• Task
All of the entries are to be repeated exactly, with no pictures included.

Start of Material to process

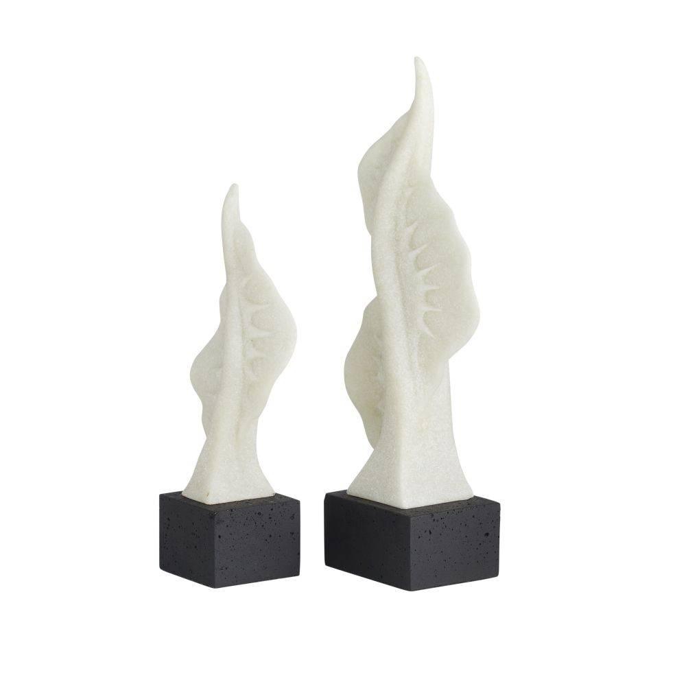 The sculptural silhouettes of marine life are reflected in these ivory ricestone composite sculptures. Reminiscent of seaweed or a Portuguese man-of-war fin, each twisted form stretches upward while secured to a charcoal ricestone composite base. Finish will vary.
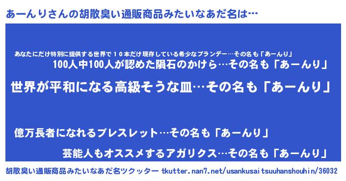 | 意味不明あだ名 | 『あーんりフォーエバー』『自称あーんり』 |
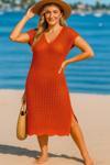 Kadın Sıfır Kol V Yaka Yanı Derin Yırtmaçlı Midi Boy Triko Elbise
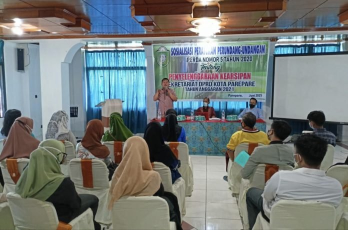 PAREPARE, SULSELEKSPRES.COM – Ketua Komisi I DPRD Kota Parepare, Kaharuddin Kadir menyosialisasikan Peraturan Perundang-undangan Peraturan Daerah (Perda) Nomor 5 Tahun 2020, tentang Penyelenggaraan Kearsipan, di Hotel Satria Parepare, Minggu (13/06/2021).
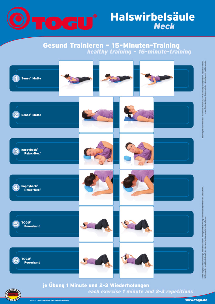 The 15-minute program developed by the team doctor of the German national snowboarding team Dr. Sommer, which you can download here free of charge online and easily integrate into your everyday life, contains such exercises. It can also be carried out by untrained persons. By using the matching cervical spine equipment set, the training stimuli are even more intensive. Other articles you will find in this category are also suitable for use in this area.
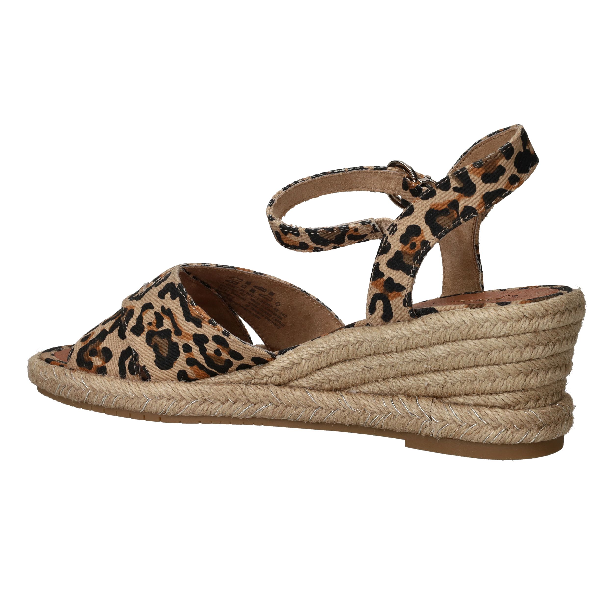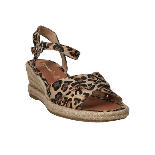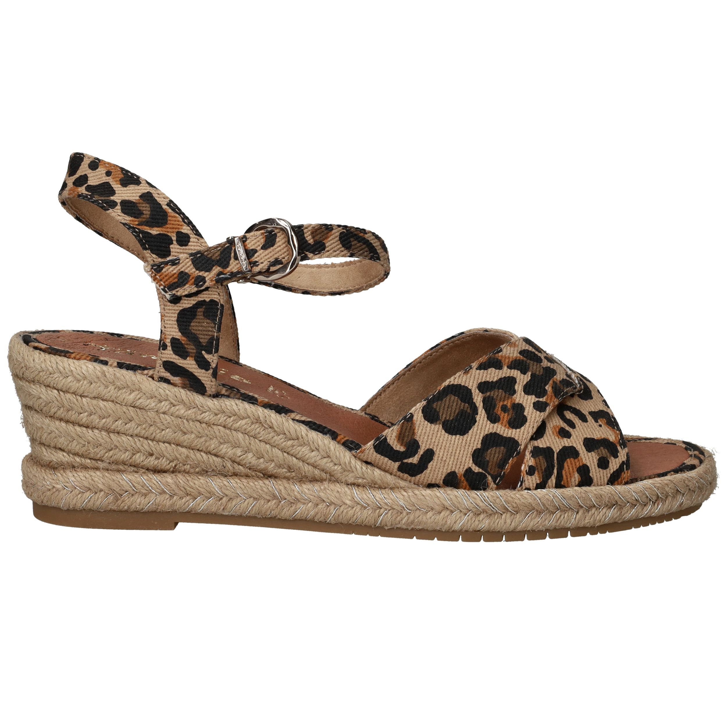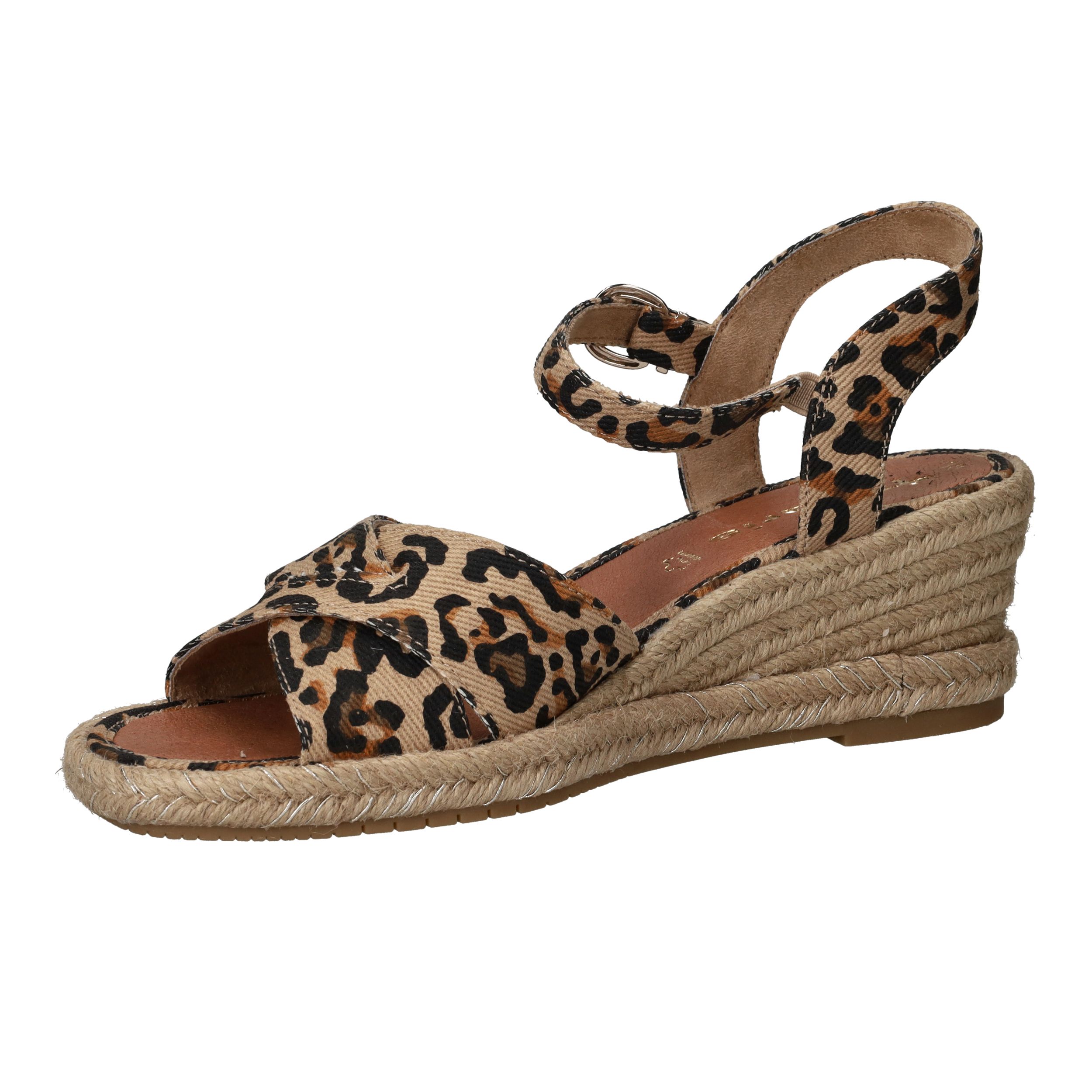 Maak een stijlstatement met deze zomerse sandalen van Tamaris. De opvallende panterprint op het textielen bovenwerk geeft deze sandaal een stoere twist, terwijl de zachte leren voering heerlijk comfortabel aanvoelt. De gevlochten sleehak maakt je look helemaal af en zorgt voor een vrouwelijk silhouet.
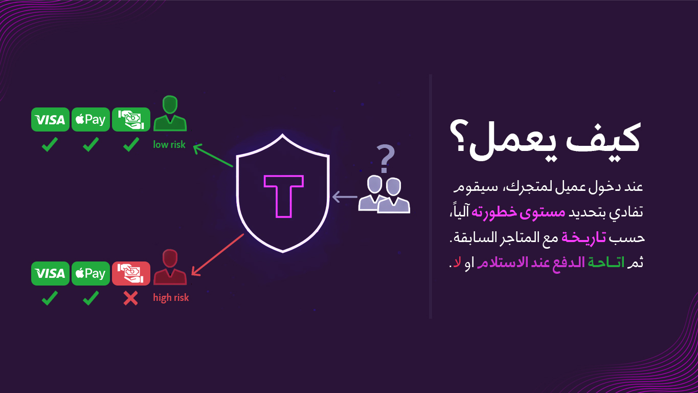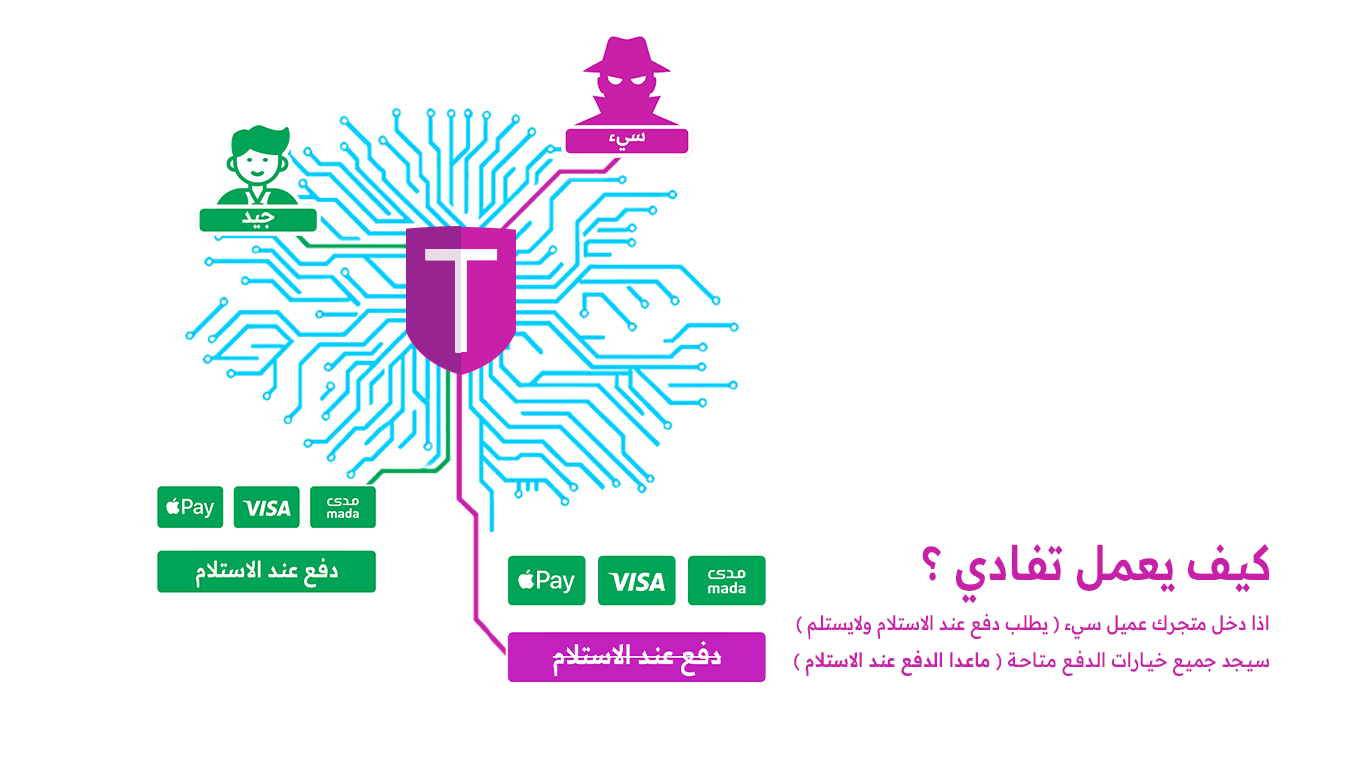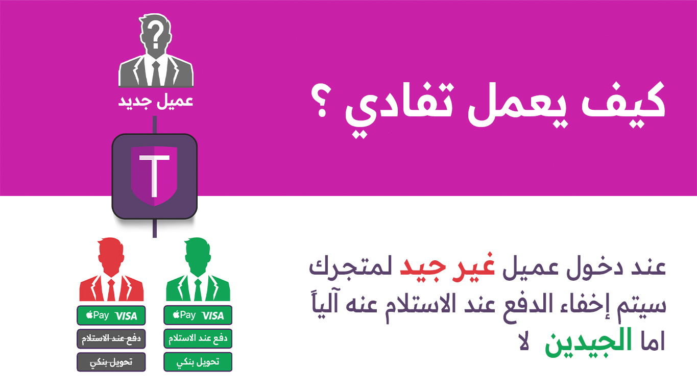 تفادي هو رجل أمن الكتروني يقف على باب متجرك ، يتأكد من العملاء لحضة بلحضة، وان وجد ان العميل الذي دخل متجرك لديه تاريخ غير جاد ويطلب دفع عند الاستلام ولايستلم ، سيقوم عندها تفادي بإخفاء الدفع عند الاستلام فقط اما باقي خيارات ال...
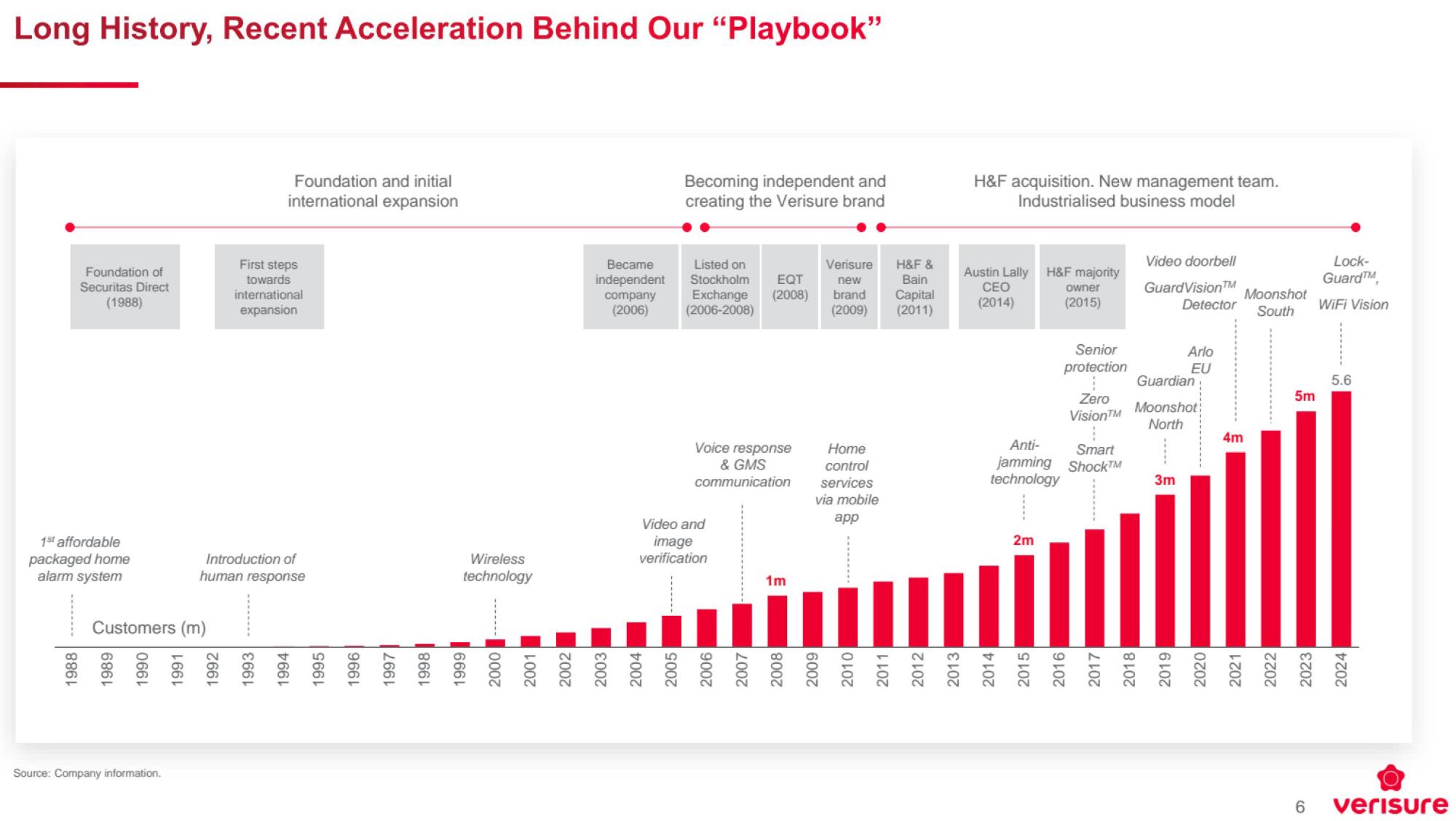 Opgericht in 1988 in Zweden als Securitas Direct, een divisie van Securitas AB (opgericht in 1934), die zich richt op bewaakte alarmen voor woningen en bedrijven. Het werd in 2006 afgesplitst als een onafhankelijke entiteit en in 2009 omgedoopt tot Verisure voor wereldwijde expansie. Verworven door private equity-firma Hellman & Friedman in 2015, die na de beursgang de meerderheidsaandeelhouder blijft.

End of Material to process

• Solution for this exercise
 The sculptural silhouettes of marine life are reflected in these ivory ricestone composite sculptures. Reminiscent of seaweed or a Portuguese man-of-war fin, each twisted form stretches upward while secured to a charcoal ricestone composite base. Finish will vary.
 | 意味不明あだ名 | 『あーんりフォーエバー』『自称あーんり』 |
 Kadın Sıfır Kol V Yaka Yanı Derin Yırtmaçlı Midi Boy Triko Elbise
 PAREPARE, SULSELEKSPRES.COM – Ketua Komisi I DPRD Kota Parepare, Kaharuddin Kadir menyosialisasikan Peraturan Perundang-undangan Peraturan Daerah (Perda) Nomor 5 Tahun 2020, tentang Penyelenggaraan Kearsipan, di Hotel Satria Parepare, Minggu (13/06/2021).
 The 15-minute program developed by the team doctor of the German national snowboarding team Dr. Sommer, which you can download here free of charge online and easily integrate into your everyday life, contains such exercises. It can also be carried out by untrained persons. By using the matching cervical spine equipment set, the training stimuli are even more intensive. Other articles you will find in this category are also suitable for use in this area.
 Maak een stijlstatement met deze zomerse sandalen van Tamaris. De opvallende panterprint op het textielen bovenwerk geeft deze sandaal een stoere twist, terwijl de zachte leren voering heerlijk comfortabel aanvoelt. De gevlochten sleehak maakt je look helemaal af en zorgt voor een vrouwelijk silhouet.
 تفادي هو رجل أمن الكتروني يقف على باب متجرك ، يتأكد من العملاء لحضة بلحضة، وان وجد ان العميل الذي دخل متجرك لديه تاريخ غير جاد ويطلب دفع عند الاستلام ولايستلم ، سيقوم عندها تفادي بإخفاء الدفع عند الاستلام فقط اما باقي خيارات ال...
 Opgericht in 1988 in Zweden als Securitas Direct, een divisie van Securitas AB (opgericht in 1934), die zich richt op bewaakte alarmen voor woningen en bedrijven. Het werd in 2006 afgesplitst als een onafhankelijke entiteit en in 2009 omgedoopt tot Verisure voor wereldwijde expansie. Verworven door private equity-firma Hellman & Friedman in 2015, die na de beursgang de meerderheidsaandeelhouder blijft.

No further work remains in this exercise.